Nigeria has no choice other than to manufacture her way out of the current economic crisis as the US did after the bombing of Pearl Harbour

Ayo Akinfe

[1] O’Level economics teaches us all that inflation is too much money chasing too few goods. There is always a simple solution to the problem, which is quadruple the production of consumer goods and you reverse the trend

[2] Historically, we have a precedence for this sort of emergency manufacturing and production explosion and in 1941, the Americans did the unthinkable after the bombing of Pearl Harbour and the declaration of war on Japan

[3] After war was officially declared, President Franklin Roosevelt invited the chairmen of the three major US automobile companies to the White House in December 1941 and gave them production quotas to fulfil. You know what, they all met these targets within a year

[4] Totally unprepared for war, lacking military equipment and not having any armaments manufacturer who could equip a modern army, President Roosevelt knew he was in big trouble as the US was at war with Japan and Germany that had spent the last 10 years arming themselves to the teeth

[5] Knowing he had zero chance of winning this war against the industrial armies of Japan and Germany, President Roosevelt summoned William Knudsen, the president of General Motors, Henry Ford, the president of Ford Motors and Kaufman Keller, the president of Chrysler to the White House for a make-or-break meeting and read them the riot act

[6] President Roosevelt told them in plain language that they had to turn their factories into war machines or the US would be crushed. These three gentlemen did not disappoint him as they delivered big time

[7] It took the US automobile industry 18 months to get up and running but when they did, they out-produced everybody else by such a gulf that there was only going to be one winner in the war. General Motors became the largest military contractor on earth, manufacturing 119,562,000 shells, 206,000 aircraft engines, 97,000 bombers, 301,000 aircraft propellers, 198,000 diesel engines, 1,900,000 machine guns and 854,000 military trucks.

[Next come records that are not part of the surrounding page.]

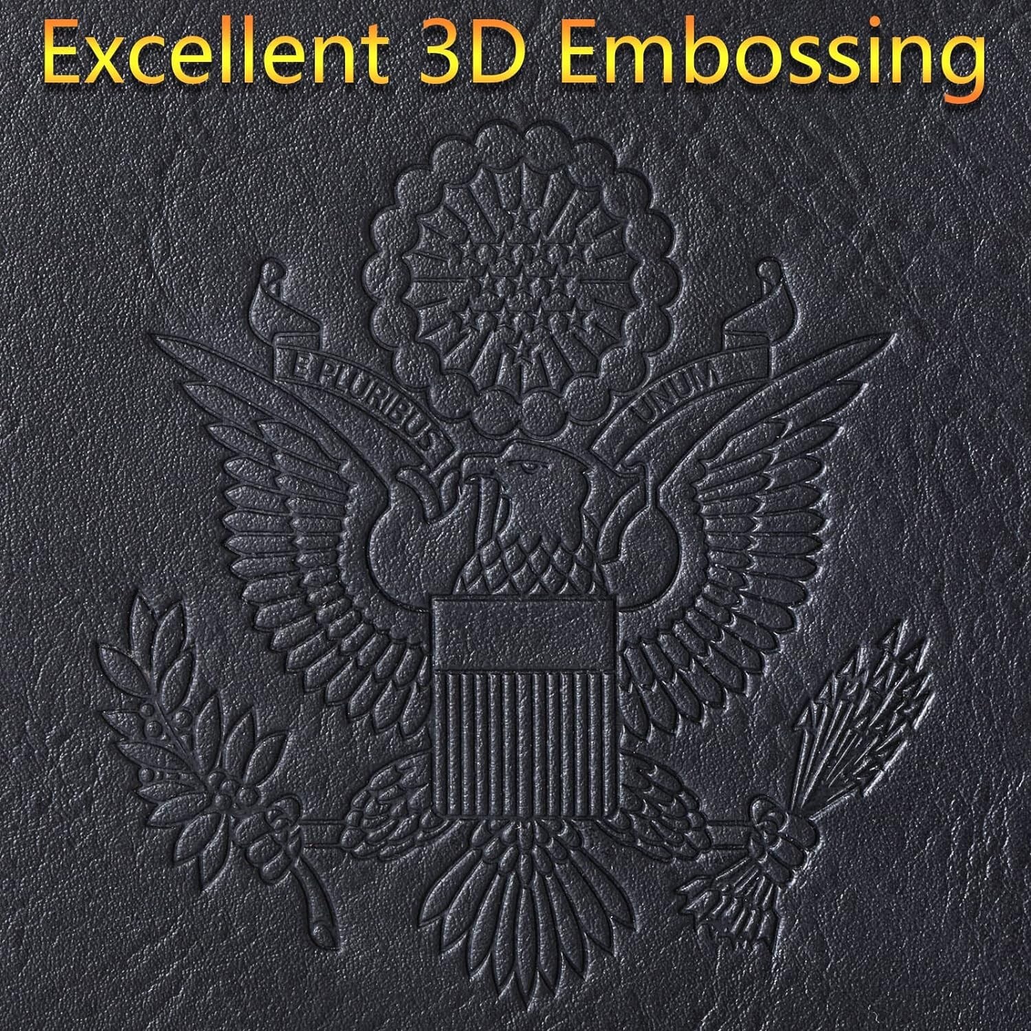 100% Money Back Guarantee if you are not satisfied with your purchase! _______________________ Description: GIFT - Our passport holder with AirTag slot is equipped with a rotating metal pen and a metal pin, which is used to change SIM card on your phone when you travel internationally. And the pen is convenient for you to fill in relevant information when you transit. International travel must haves! PASSPORT AND AIRTAG HOLDER COMBO - The built-in holder for Apple Air Tag combine passport wallet and AirTag ideally to make sure you never lose your passport wallet again. Misplaced or lost your passport wallet? Keep track of and see where you last had it alongside friends and devices in the Find My app. The AirTag passport wallet does not come with an Airtag. PREMIUM SYNTHETIC LEATHER AND DETAIL ORIENTED - The passport wallet with airtag holder is beautifully crafted with premium synthetic leather, which is durable, touch soft and comfortable. They are crafted with great attention to detail. Each passport wallet is rigorously examined before it leaves the factory. If our travel wallet doesn't meet the highest standards then we don't sell it. WATER RESISTANT HOLDER / RFID BLOCKING - Passport cover with Built-in RFID Blocking material prevent personal information disclosure, such as ID cards, credit cards, CDC vaccination card, driver license and passport, and keep your personal information securely everywhere. What’s more, our passport case is water resistant, so you don’t have to worry about getting your passport and vaccine card wet during the journey. IDEAL GIFT FOR TRAVELLER - Our travel wallet come in a beautiful gift package which is full of tourism elements. It make for an ideal gift for both men and women. Yet the beautiful passport cover of Great Seal 3D embossing have tried to put into feelings for patriotism and love for the motherland. Each United States Great Seal 3D Embossing on the passport cover is crafted to the highest standards, we can’t tolerate those vulgar embossings on the market.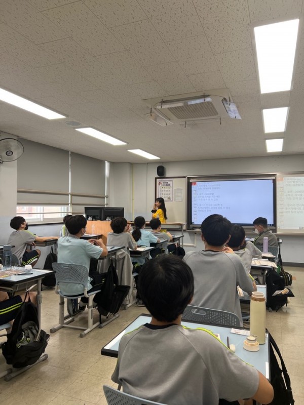 1교시 : 전윤빈 단원이 '금융이 궁금해, 저축과 투자를 부탁해.' 이론 수업을 진행하였습니다. 실제 자신의 저축 사례, 투자 사례를 들며 수업을 진행한 점이 인상적이었습니다. 사례를 통한 설명이 아이들에게 흥미를 불어일으킨다는 것을 알 수 있었습니다.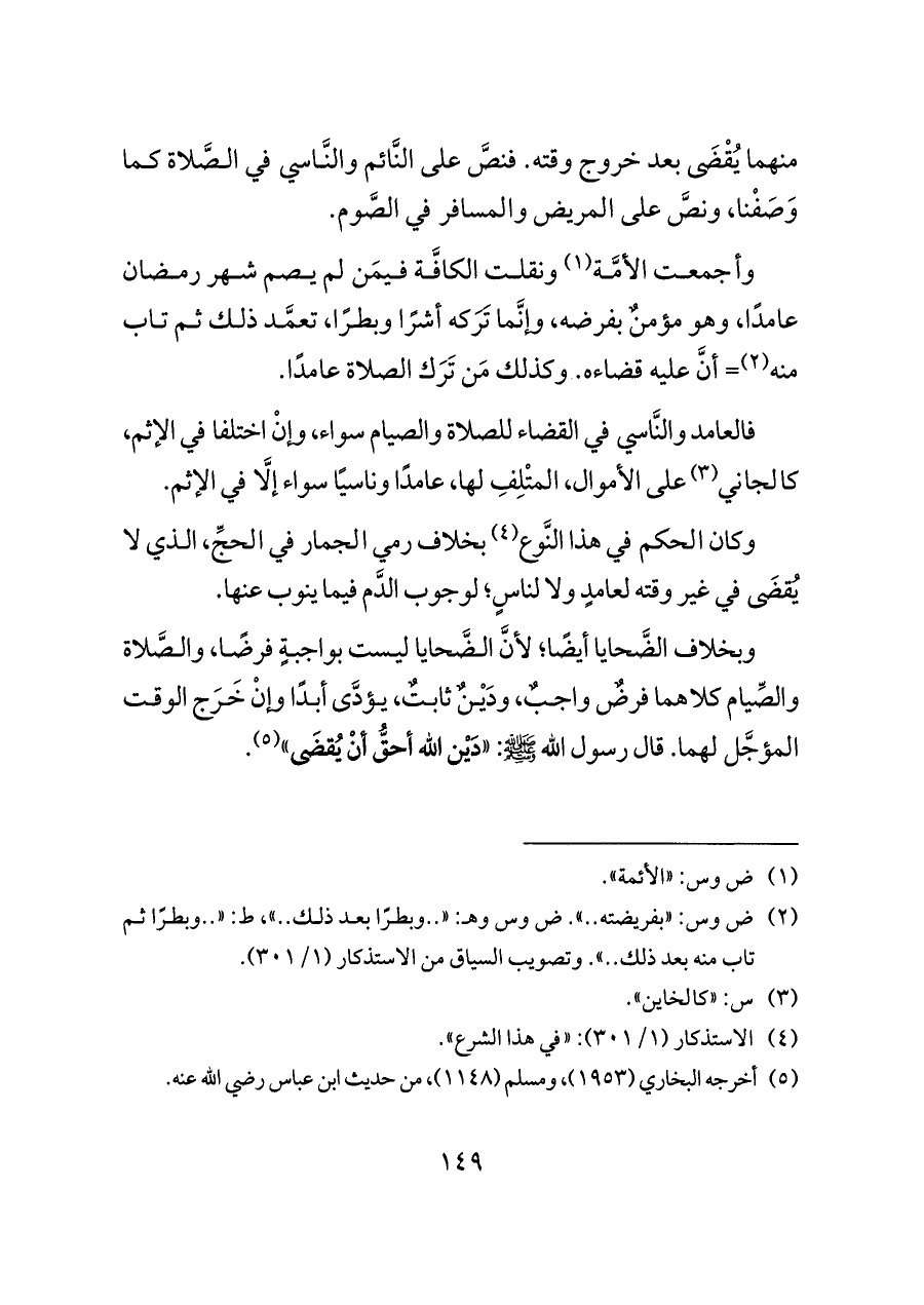 (¬٢) ض وس: "بفريضته .. ". ض وس وهـ: " .. وبطرًا بعد ذلك .. "، ط: " .. وبطرًا ثم تاب منه بعد ذلك .. ". وتصويب السياق من الاستذكار (١/ ٣٠١).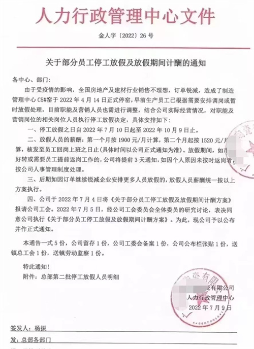 據媒體消息:7月9日,佛山一陶瓷企業發布《關于部分員工停工放假及放假期間計酬的通知》。通知顯示,受疫情影響,地產及建材行業銷售不理想,訂單銳減,造成該企業5#窯4月14日即正式停窯。該通知說,結合經營實際,對職能及營銷相關崗位執行停工放假決定調整。放假期間自7月10日起至10月9日止,放假人員薪酬首月按1900元/月計算,次月起起按1520元/月計算,核發至員工回崗上班之日止。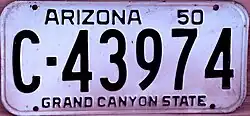 1950–51 | Embossed black serial on white plate; "ARIZONA 50" centered at top | "GRAND CANYON STATE" centered at bottom | A-12345 | Coded by county of issuance (A) | Revalidated for 1951 with aluminum tabs. |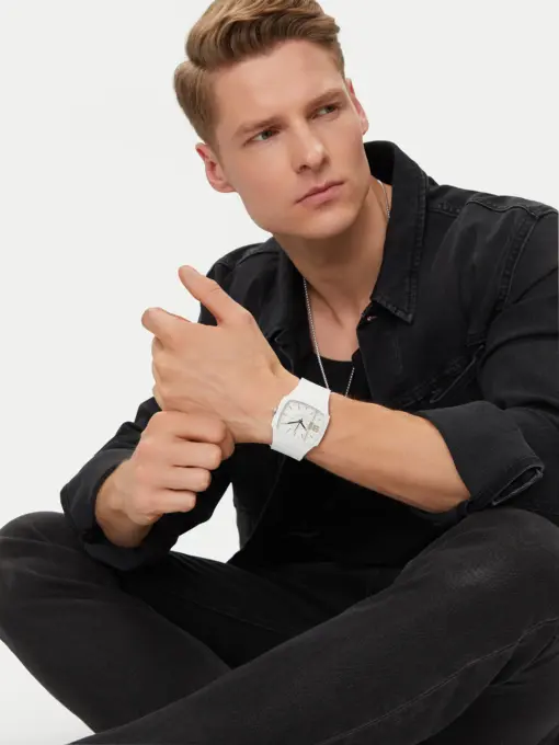 Diesel Cliffhanger 2.0 (DZ2204) — один из самых нестандартных релизов итальянского бренда за последние годы. Квадратный корпус, керамическая эстетика и футуристичный дизайн сразу отсылают к дорогим моделям Rado, но здесь всё гораздо приземлённее по цене. Особенно эффектно смотрится версия в белом цвете: часы выглядят свежо, дорого и максимально необычно. На циферблате сразу два формата времени — классические метки и 24-часовая разметка, плюс крупная цифра 9 и логотип Diesel, которые добавляют характер.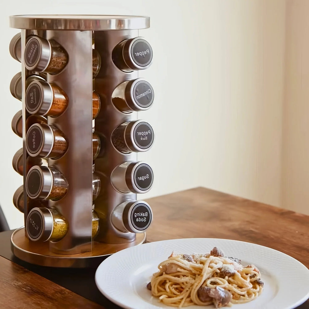 Organize your kitchen spices with this premium stainless steel spice rack, designed for effortless accessibility and a clutter-free countertop. The 20-jar rotating design ensures every spice is within easy reach, eliminating the frustration of searching through cabinets or drawers. Perfect for both home cooks and professional chefs, this countertop spice organizer brings efficiency and elegance to your cooking space.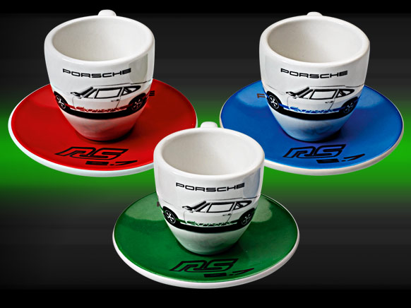 Set 3 Tasses Porsche 911 Carrera RS 2.7 avec soucoupe Couleur rouge indien / bleu glacier / vert viper Passe au lave-vaisselle Hauteur 5.4 cm, Diamètre 5.8 cm Diamètre soucoupe 9.4 cm Fabriqué en Allemagne Porsche WAP0500300G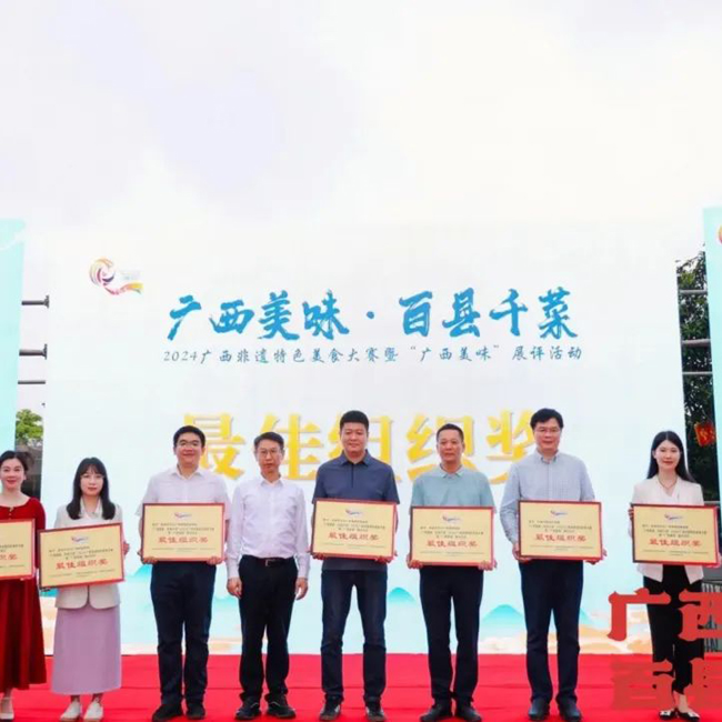 近日,由自治区文旅厅、广西旅游发展集团主办的“广西美味·百县千菜”2024 广西非遗特色美食大赛暨“广西美味”展评活动及“一城一桌菜”展评活动在南宁青秀山成功举办。来自全区各地的非遗特色菜肴、点心、小吃等400多个作品参加比赛。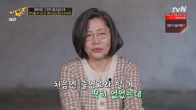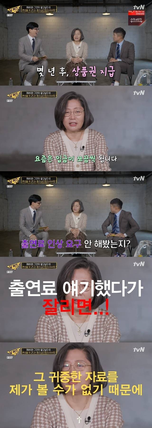 '유퀴즈' 이수정 교수 "'그알' 출연료 無→상품권→요즘은 조금씩 입금 돼"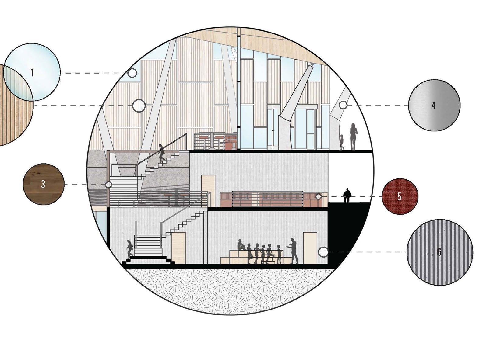 The ultimate objective is to create a transportation hub that promotes wellbeing, communication, productivity, and mindfulness. Additionally, utilizing amenities within the building that complement the surrounding context instead of repeating it.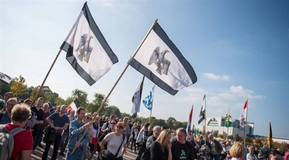 وكان بعض المشاركين في المظاهرة يحملون أعلاما بالألوان الأسود والأبيض والأحمر، وهي ألوان علم القيصرية الألمانية، وكان بعضهم يرتدي قمصانا تحمل رموزا رقمية تميز التيار اليميني المتطرف.

[8] Chrysler had never made tanks before but the company built a factory from scratch. Known as the Detroit Tank Arsenal, this Chrysler plant made roughly as many tanks during the war than all the Nazi factories combined

[8] For its part, Ford, which became the nation’s third largest military contractor. It built a production facility called Willow Run, the largest factory under one roof in the history of the world, churning out 18,482 B-24 Liberators bombers. So many labourers worked at Willow Run, the government had to build a city from scratch to house them. It was named Bomber City, providing the workforce with homes and infrastructure near the factory

[9] Nigeria finds herself in a similar war situation today. President Bola needs some chief executives he can call to Aso Rock and ask them to fill the vacuum by manufacturing 2m tractors, 5m electricity transformers, six 10,000MW power plants, 500,000 railway carriages, 200m tonnes of processed foods, 100m tonnes of clothing materials, etc to save Nigeria

[10] Unfortunately, 64 years after independence, there are no such industrialists and manufacturers a Nigerian president can call on. Nigeria's rich made their money shamelessly importing finished products and distributing them, looting government funds or getting government contracts. Is our problem really bad political leadership?